I ran into Evans today. And by the term 'ran' I actually meant I crashed into her while I skidded down the 4th floor corridor this afternoon. Her books went flying everywhere, and she didn't seem to impressed with me but she wasn't hurt. I quickly glanced over my shoulder in case Prongs wasn't spying and helped her with her books (You see, small things like these gets James supercious quickly). She thanked me, and was on her way. But typically, 5 minutes later (I was walking in case I ran into any other females) Prongs grabbed me roughly by the shoulder blades and pulled me aside.

"What. The. Hell." he breathed at me slowly.
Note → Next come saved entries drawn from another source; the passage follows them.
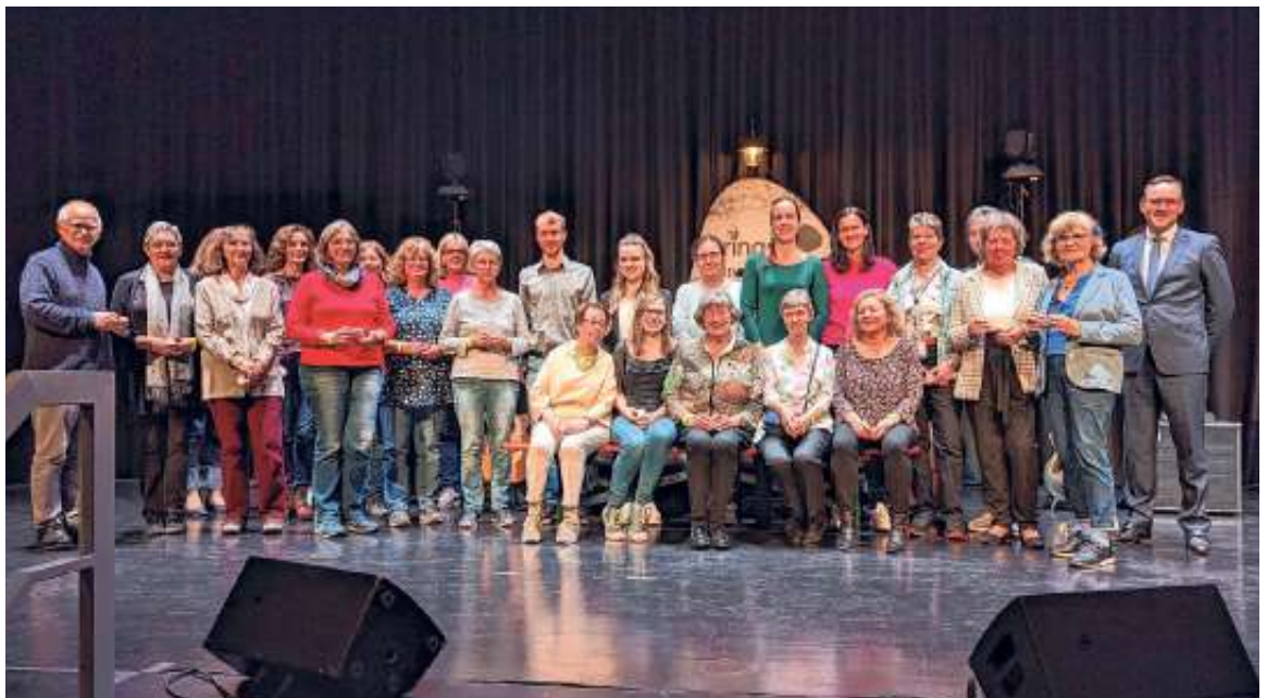
Team und Ehrenamtliche der Bücherei

Bürgerbeteiligung, Flüchtlingsbegleitung, Hausaufgabenhilfe, Café International, Interkultureller Gemeinschaftsgarten, Lesen auf der Empore, Bilderbuchkino, Lesepatenschaft, Kino im Theaterkeller, Unterstützung bei Ferienprogrammen und Tagesfreizeiten, INGA-Besuchsdienst, PC-Lernwerkstatt, uvm. - es folgte anschließend eine lange und in diesem Artikel nur verkürzt wiedergegebene Liste an Gebieten, in denen sich viele Ehningerinnen und Ehninger im vergangenen Jahr für das Gemeinwesen engagiert haben. Auffällig war dabei, dass einige Geehrte dabei wiederholt die Bühne betraten. Eine Besonderheit in diesem Jahr war, dass auch diejenigen Ehningerinnen und Ehninger geehrt wurden, die sich im Zuge der Corona-Pandemie ehrenamtlich engagiert hatten, z.B. beim Betrieb des Schnelltestzentrums oder bei der Einhaltung und Durchsetzung der Hygiene-Regeln bei Fußballspielen des TSV Ehningen.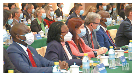
紀念會議分會場的與會嘉賓。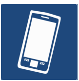
Smartphone (all inklusive)

Um an einer BigBlueButton-Konferenz des Kreismedienzentrums teilzunehmen, benötigen erstmal die nötige Technik. Man benötigt grundsätzlich einen Internetzugang und ein internetfähiges Gerät mit Kamera sowie ein daran gekoppeltes Headset (zur Not reicht ein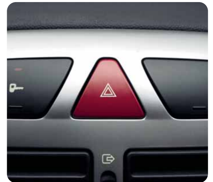
207 XAD e 307 XAD: accensione automatica delle luci di emergenza in caso di frenata o forte decelerazione.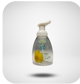
ESPUMADORA HANSOAP ENVASE Y BOMBA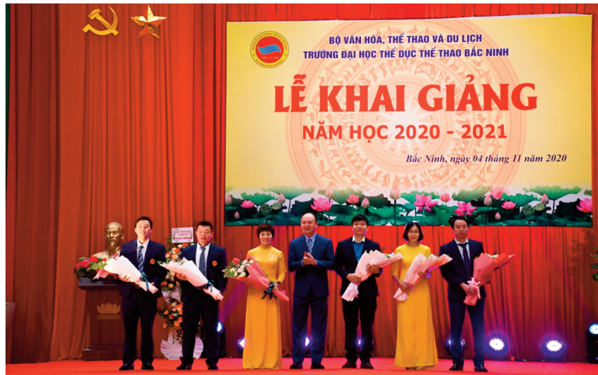
Trường Đại học TDTT Bắc Ninh tặng hoa chúc mừng các tiến sĩ tốt nghiệp năm học 2019-2020 tại Lễ Khai giảng năm học 2020-2021

Sau 62 năm thành lập, 60 năm kể từ ngày Hồ Chí Minh về thăm, Nhà trường đã từng bước nỗ lực xây dựng, trưởng thành và khẳng định vị thế của mình, trước những khó khăn, thách thức của nền kinh tế thị trường, được sự quan tâm của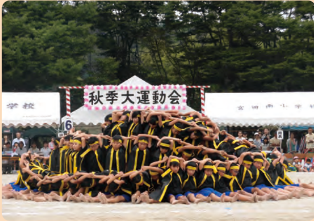
宮田南小学校運動会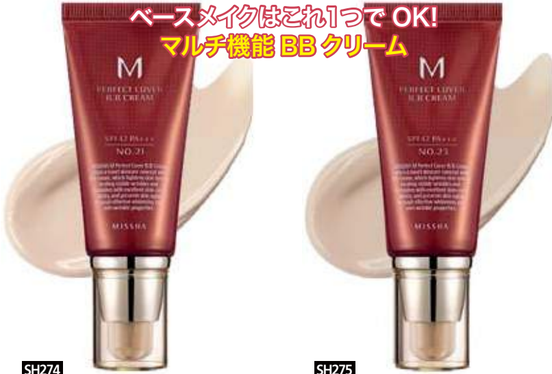
SH274 21호 라이트 베이지 / 21号 라이트베ージュ

シミ・ソバカスをつくる 紫外線UVBも、シワをつくるUVAもカット! ベースメイクはこれ1つで OK! マルチ機能 BB 크림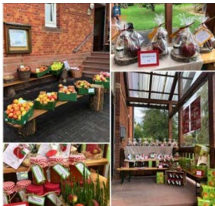
Äpfel, Bratäpfel to Go, Apfelsaft, Gelees und Apfelmus – all das wurde von hübsch dekoriert und verpackt angeboten.

Einladend und hübsch anzusehen empfing der Markt schließlich die Eltern vor dem Eingang der KITA. „Wir waren schnell gut ausverkauft“, berichten Stefanie Röder und Julia Schnarr. Und rasch war die Idee geboren: Wir gehen mit unseren Apfelprodukten auf den Wochenmarkt am Kumpen! Dazu musste allerdings die Produktion wieder angekurbelt werden und das übernahmen die Erzieherinnen übers Wochenende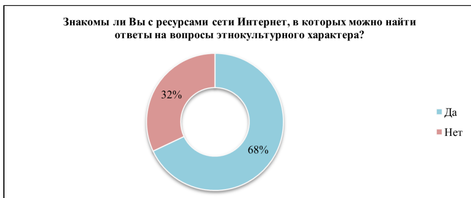
Рис. 2. Процентное соотношение ответов по 2-му вопросу

На второй вопрос: «Знакомы ли Вы с ресурсами сети Интернет, в которых можно найти ответы на вопросы этнокультурного характера?» – 68 % ответили «да», а 32 % – «нет» (рис. 2). Данные показатели свидетельствуют о том, что большая часть респондентов осведомлена о ресурсах, находящихся в сети Интернет, и, возможно, активно ими пользуется. Стоит отметить, что в последние годы возросла популярность электронных ресурсов этнокультурной направленности. На наш взгляд, это связано, во-первых, с ситуацией, возникшей с распространением коронавирусной инфекции COVID-19, а во-вторых, с цифровой трансформацией образования.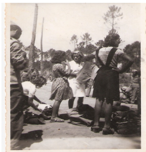
Foto 01: Presença de Mulheres italianas no depósito de pessoal da FEB 82 .

As relações que acabavam acontecendo, não tinham somente o cunho da exploração sexual. Muitos foram os militares brasileiros que acabaram, algum tempo depois, do fim da guerra, trazendo suas mulheres italianas para o Brasil. Porém, no caso do depósito de pessoal, acaba se tornando um centro de negociação. Por mais que não se pudesse consumir “os favores sexuais” dentro dessa organização militar de campanha, era ali que se marcavam os encontros e se estabeleciam os valores. Nesse local deslocavam-se mulheres de todas as idades, gerando um tipo de comércio não declarado, tendo como artifício para usar de “cortina de fumaça” e não deixar tão perceptíveis as evidências, a apanha de roupas sujas e entrega das limpas.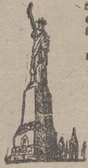
Servicio especial para nuestro periódico de la actualidad norteamericana

ES UN GIGANTE SILENCIOSO, QUE NO HABLA INGLÉS NI FRANCÉS; QUE NO CONOCE LAS RUTAS DE OCCIDENTE, PERO VISITA PEKIN, NUEVA DELHI, EL CAIRO, ETC., ETC.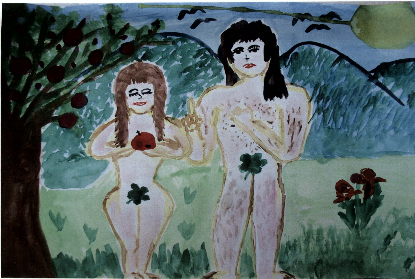
Obrázek 4) alkohol, žena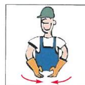
Lukke udstyr (grab)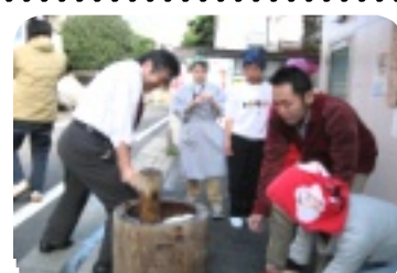
カいっばい餅つき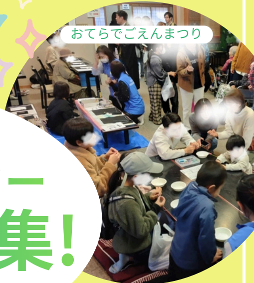
地域福祉活動計画の実施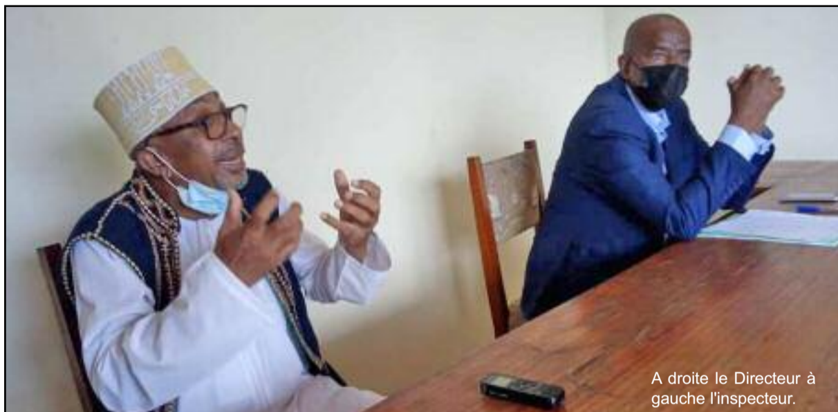
A droite le Directeur à gauche l'inspecteur.

Dans une conférence de presse, organisée à Moroni le mardi 9 février 2021, le directeur général de la jeunesse et des sports, et l'inspecteur général des Sports, ont tenu à clarifier la légitimité d'une association sportive, le rôle du comité olympique et la responsabilité du ministère de tutelle. Ces techniciens ont étayé leurs arguments sur les lois (1981 et 86/006), textes en vigueur aux Comores. Pour eux, officiellement, une association sans récépissé et agrément est considérée comme « illégale et fantôme ».

Rolling my eyes, I pushed him away and explained for the 700000000000000000000000 time that, no, I was not 'into' her. I did not 'like' her, find her 'attractive' or want to 'get with her' in anyway what-so-ever. I repeat, 'He's so pathetic sometimes'

I told Moony this story, but he merely just shrugged. This sort of stuff doesn't happen with him, because Prongs is quite aware he's only got eyes for Danni. Another reason to get with Emily, to get Prongs off my case about Evans.

Would you look at the time! It's half past twelve and I haven't even started my Potions essay. Not...that I care about my homework..I just don't want to add another detention onto the weeks worth I got for hexing a Slytherin in my year after he insulted Wormtail. Kettleburn just happened to be standing a few metres away.